From a time when our people had very modest expectations of our health care system we have rapidly arrived at a situation where our expectations and ambitions are high. Public expectation allied to constant innovation, upskilling financing, and technological development are reshaping the delivery of health care and these things impinge on your lives every day. There are wonderful examples where nurse or midwife-led services have been developed – palliative care, care of the older adult, stroke care, diabetic care for pregnant women – and we have seen the nurses and midwives move beyond the traditional hospital location to a variety of roles including community-based settings in psychiatry services, GP surgeries and midwife-led birthing units.
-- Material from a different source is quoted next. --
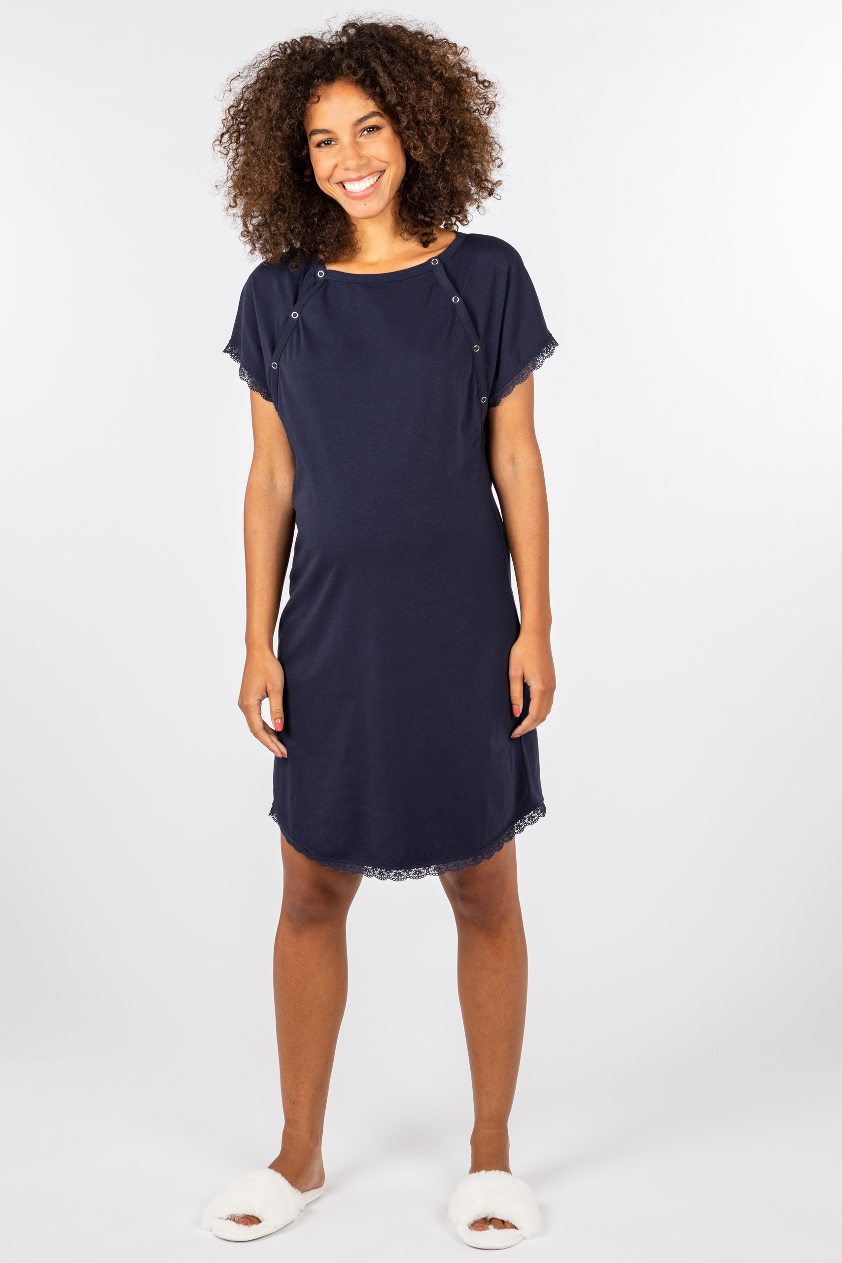 Geburtskleid und Stillnachthemd mit Baby Bonding Funktion aus Bio-Baumwolle. Die praktischen Druckknöpfe in der hinteren Mitte vom Rücken ermöglichen einen einfachen Zugang im Krankenhaus ohne umständliches Hochkrempeln oder Ausziehen, Bsp. beim Legen einer PDA. Die beiden seitlichen Knopfleisten vorne am Ausschnitt ermöglichen einen schnellen Stillzugang sofort nach der Geburt, sowie direkten Hautkontakt mit deinem Baby. Einfach beide Seiten öffnen, dein Baby auf die Brust legen und das erste magische Kennenlernen genießen. Auch nach der Geburt kannst du das praktische Geburtskleid einfach als Stillnachthemd nutzen, einfach ein idealer Begleiter für alle New Moms. Farbe: navy

Further developments to support holistic care are planned, including increasing the nurse’s role in prescribing and diagnosis. Back in 1914, Florence Nightingale said “"unless we are making progress in our nursing every year, every month, every week, take my word for it, we are going back"”. The INO has never permitted itself the luxury of standing still but has been an important driver of change itself and the pace of change. I congratulate all the stakeholders, including the INO, whose reforming zeal has given the public the reassurance that our nursing profession is educated to and practices to the most exacting of international standards every day of the week.
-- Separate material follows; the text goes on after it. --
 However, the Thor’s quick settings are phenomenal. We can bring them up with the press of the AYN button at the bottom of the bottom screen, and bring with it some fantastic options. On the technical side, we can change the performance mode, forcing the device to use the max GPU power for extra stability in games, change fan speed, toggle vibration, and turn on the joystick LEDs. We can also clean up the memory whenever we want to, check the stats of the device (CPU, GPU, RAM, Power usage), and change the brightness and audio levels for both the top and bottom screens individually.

We can be justifiably proud of the significant advances in the quality of the nation’s health which have been achieved with your help and we can be proud too of the Irish nursing profession’s legendary reputation for truly empathetic care. Anybody who has experienced the care and professionalism of Irish nurses will no doubt agree with the saying “nurses are angels in comfortable shoes”! Your work brings you deeply into traumatic times in patient’s lives. They need your skills and rely on your ability to help them get through an infinite variety of circumstances from the safe birth of a healthy child to the pain-free death of a terminally ill centenarian. In between those poles there are a million ups and down, joys and disappointments, miracles and tragedies. You are there to be the sound, educated hands and hearts of nursing care. Your profession and your 90 year old professional organization can reflect on a heartening and high-achieving past. Now as you prepare for the future through and beyond this vale of woes that is our economic recession, it is worth setting your sights on the further shore as the founders of this organization did nine decades ago. They might not recognize the modern machinery, the treatments, the text-books or the training models but they would still know good nursing when they see it and we in Ireland are fortunate to be able to say, they would find that, for it is the norm. Equally sure is that fact that they would also find their profession doing what they did ninety years ago actively working to make the profession better so that patient’s can experience even better care. I wish you a very happy 90th birthday celebration and continued success in the future. May you enjoy each other’s company, enjoy the look back at the history of nursing and midwifery in Ireland and I wish you the very best for your plans for the future of the profession. Go raibh míle maith agaibh.